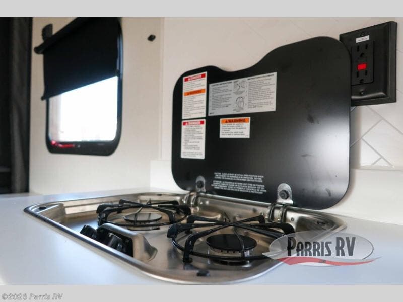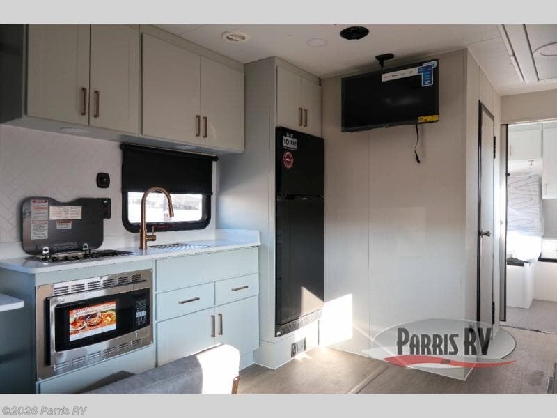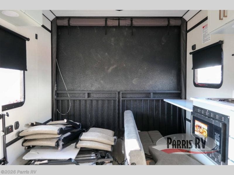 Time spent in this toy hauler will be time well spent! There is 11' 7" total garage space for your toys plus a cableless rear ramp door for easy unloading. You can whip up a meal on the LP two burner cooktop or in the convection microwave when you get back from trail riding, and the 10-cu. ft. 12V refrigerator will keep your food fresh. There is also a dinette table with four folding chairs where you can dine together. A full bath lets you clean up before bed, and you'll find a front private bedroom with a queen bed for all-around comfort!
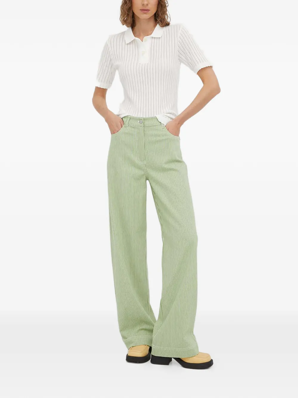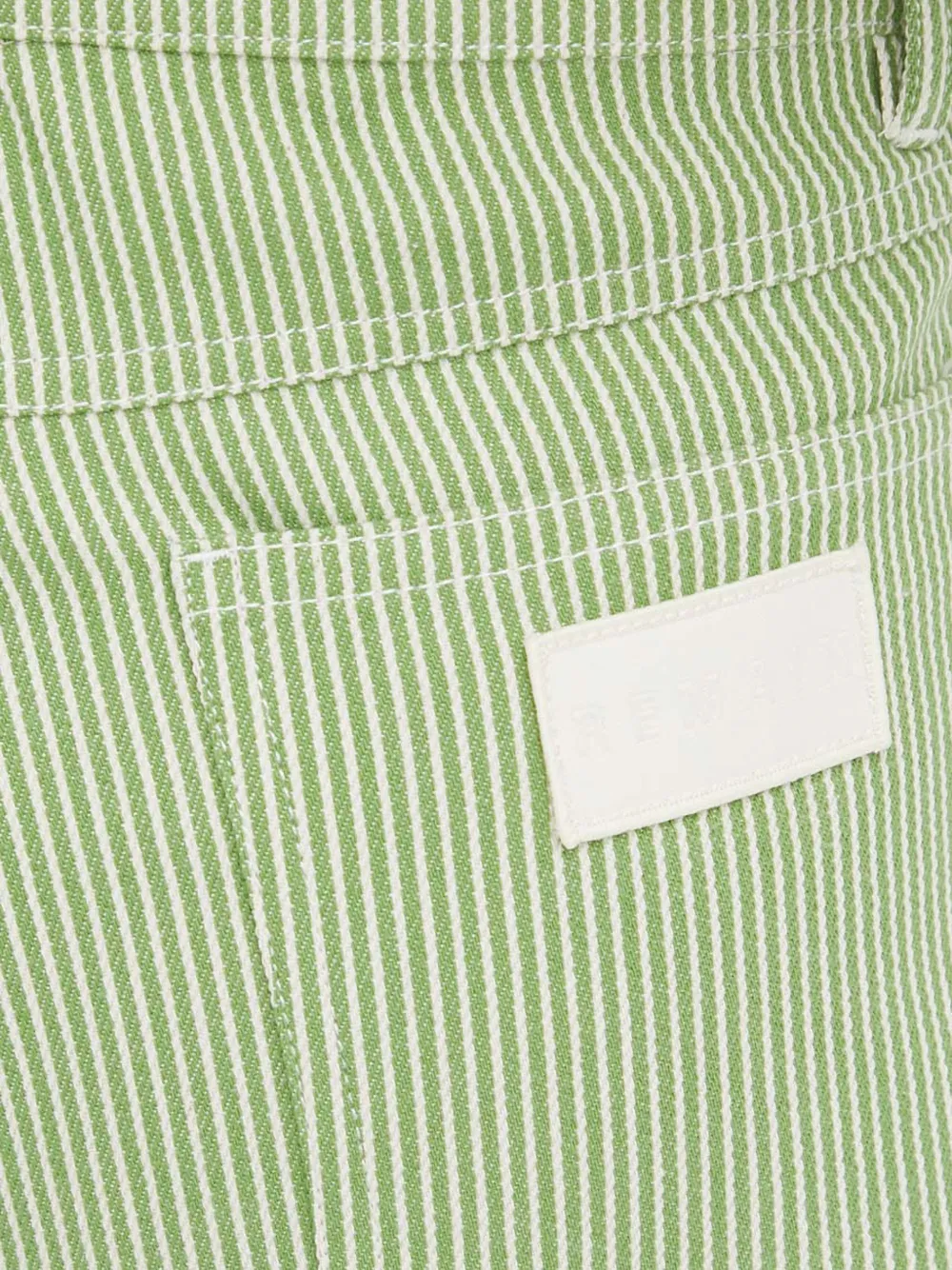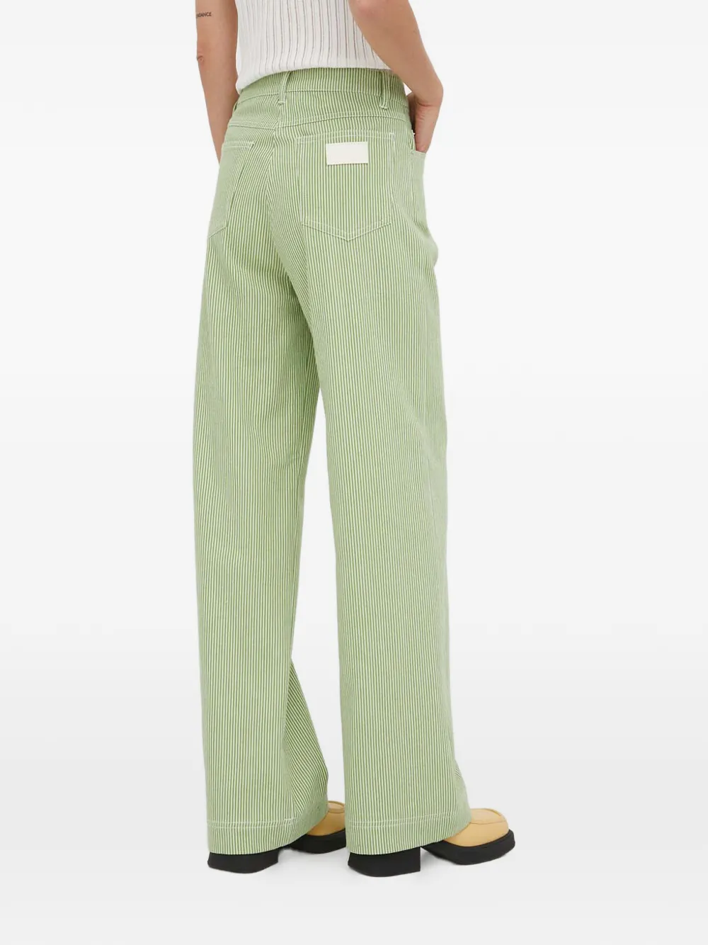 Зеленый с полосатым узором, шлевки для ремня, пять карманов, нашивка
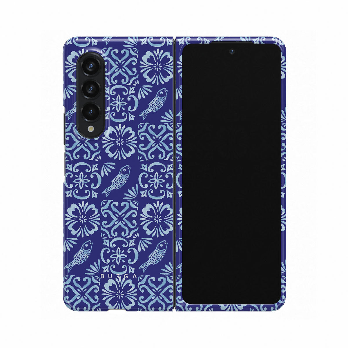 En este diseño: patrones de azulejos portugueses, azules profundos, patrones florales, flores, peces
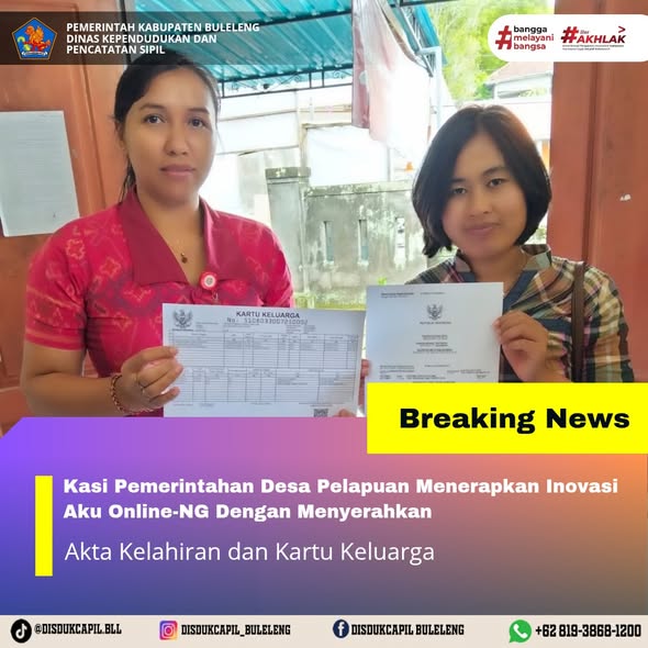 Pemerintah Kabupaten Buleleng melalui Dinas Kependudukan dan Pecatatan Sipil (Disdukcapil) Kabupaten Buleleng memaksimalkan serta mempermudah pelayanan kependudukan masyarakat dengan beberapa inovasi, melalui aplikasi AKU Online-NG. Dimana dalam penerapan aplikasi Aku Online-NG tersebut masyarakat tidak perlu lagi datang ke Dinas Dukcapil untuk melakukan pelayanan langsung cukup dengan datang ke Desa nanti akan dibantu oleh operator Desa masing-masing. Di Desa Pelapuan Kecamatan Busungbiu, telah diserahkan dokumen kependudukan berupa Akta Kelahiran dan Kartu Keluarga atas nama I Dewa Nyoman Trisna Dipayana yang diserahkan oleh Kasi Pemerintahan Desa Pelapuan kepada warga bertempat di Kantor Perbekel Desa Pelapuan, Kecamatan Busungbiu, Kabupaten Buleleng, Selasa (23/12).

---

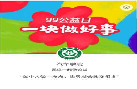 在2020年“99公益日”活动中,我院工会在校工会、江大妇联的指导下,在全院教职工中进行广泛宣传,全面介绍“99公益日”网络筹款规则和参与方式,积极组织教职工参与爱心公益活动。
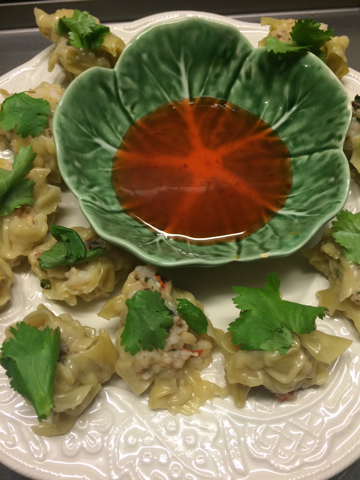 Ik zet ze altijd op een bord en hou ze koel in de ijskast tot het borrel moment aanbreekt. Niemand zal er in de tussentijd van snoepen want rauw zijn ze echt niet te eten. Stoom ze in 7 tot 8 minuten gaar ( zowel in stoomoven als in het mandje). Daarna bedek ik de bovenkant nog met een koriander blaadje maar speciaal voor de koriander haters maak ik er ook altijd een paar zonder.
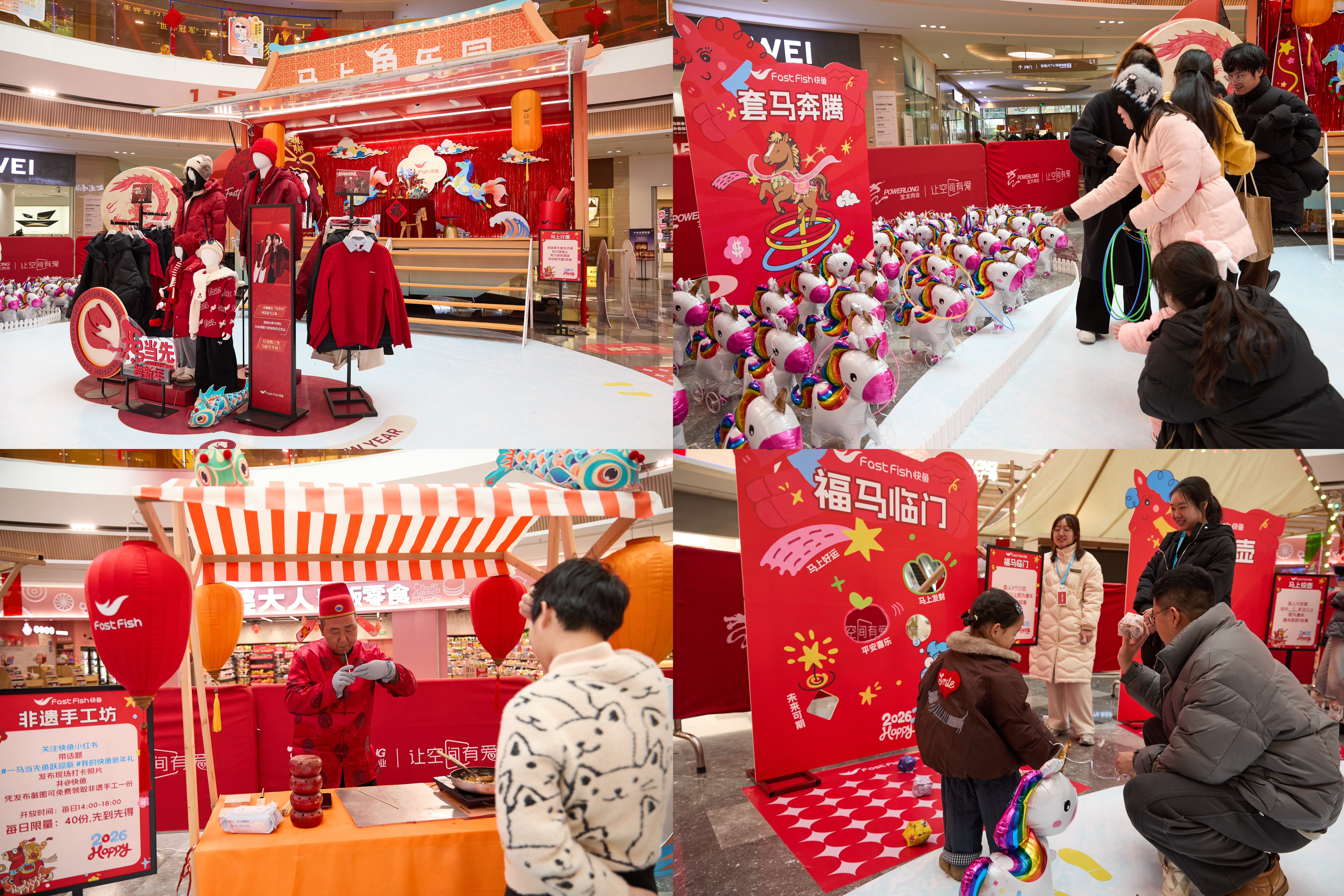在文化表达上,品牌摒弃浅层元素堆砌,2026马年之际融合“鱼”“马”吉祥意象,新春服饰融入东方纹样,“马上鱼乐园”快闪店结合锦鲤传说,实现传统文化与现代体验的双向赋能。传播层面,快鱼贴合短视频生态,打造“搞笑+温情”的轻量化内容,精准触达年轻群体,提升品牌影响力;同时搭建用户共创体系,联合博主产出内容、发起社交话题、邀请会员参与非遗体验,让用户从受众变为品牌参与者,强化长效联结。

**Task to carry out:** Look above for the line containing "Зеленый с полосатым", then copy exactly from it through the line containing "En este diseño: patrones", keeping both and leaving out pictures. Add nothing else.

**Output for this exercise:**
 Зеленый с полосатым узором, шлевки для ремня, пять карманов, нашивка
 En este diseño: patrones de azulejos portugueses, azules profundos, patrones florales, flores, peces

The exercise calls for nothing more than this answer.